Divorce often results in a variety of financial challenges, some of which can persist for years. Filing for divorce costs money, and the property division process necessarily splits assets between the former members of a couple. Additionally, the courts can sometimes order financial support, including spousal support. Some other states call spousal support alimony or spousal maintenance.
An order of spousal support requires that one spouse make regular payments to the other. There is short-term spousal support available in an assortment of scenarios, as well as long-term spousal support available in others. If one spouse applies for long-term spousal support, both the person seeking financial support and the spouse likely paying for support will want to know how long those support obligations will last. Specific rules regarding this matter apply in California.
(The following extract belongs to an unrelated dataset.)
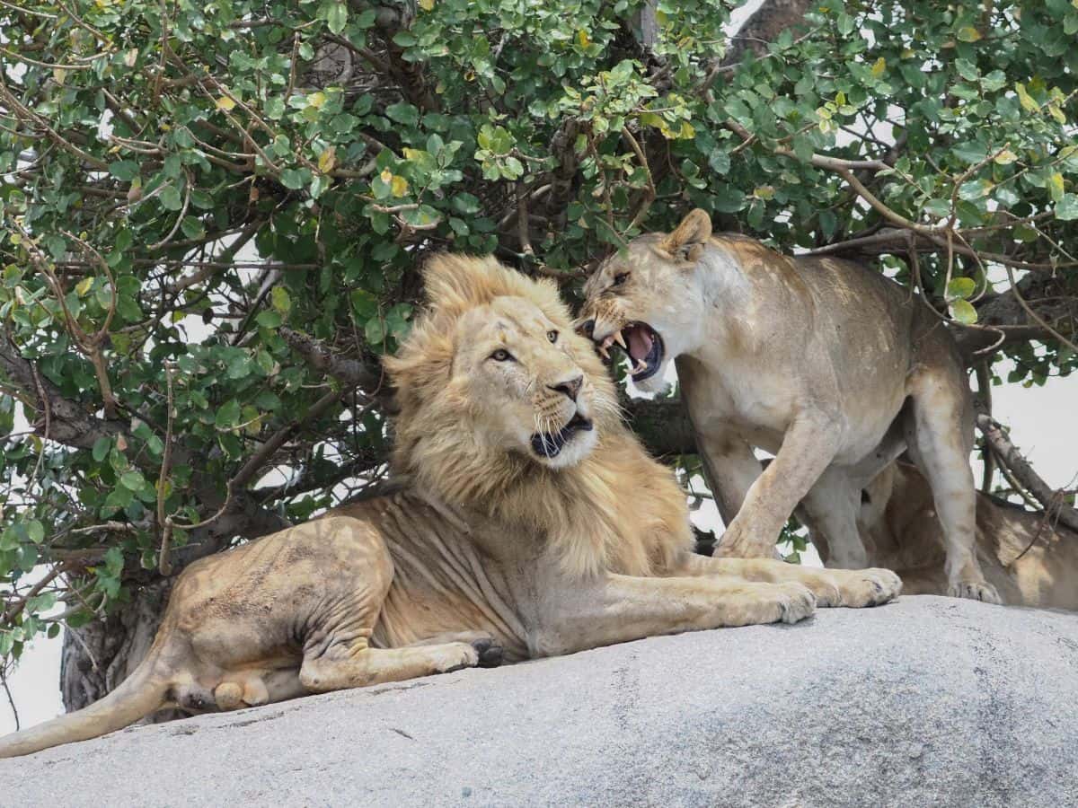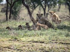 Mittags dann einen Pascha mit drei Löwinnen auf einem Felsblock. Die lassen sich durch die vielen Touri-Autos nicht im Geringsten stören, sondern verschwinden dann zwischen den Autos hindurch im Gelände.

Support duration depends on marriage length
Exactly how long someone will have to continue paying long-term spousal support will depend on how long they remained married. Shorter marriages that lasted less than 10 years have a special rule that applies. At most, a judge can order support that lasts for half of the length of the marriage.
However, once people have remained married for a decade or longer, there is no set rule for determining the duration of support. The economic circumstances of each spouse, the health of each spouse and even the standard of living during the marriage can play a role in a judge’s final determination regarding the duration of spousal support.
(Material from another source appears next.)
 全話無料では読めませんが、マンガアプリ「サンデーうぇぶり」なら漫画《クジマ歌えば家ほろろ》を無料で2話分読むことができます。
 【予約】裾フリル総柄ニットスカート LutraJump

For those facing a divorce after a long-term marriage and anxious about the unpredictable nature of litigation, negotiating a settlement with their spouse might be the best solution possible. They can reach an agreement that they both believe is fair and appropriate based on the circumstances surrounding the marriage and the divorce.
Barring an agreement between spouses, people generally rely on a judge’s understanding of the situation and the choices they make about applying California state law to a family’s circumstances. Ultimately, seeking legal guidance and learning more about how the courts handle major financial issues during California divorce proceedings may help people feel more confident as they prepare for upcoming negotiations.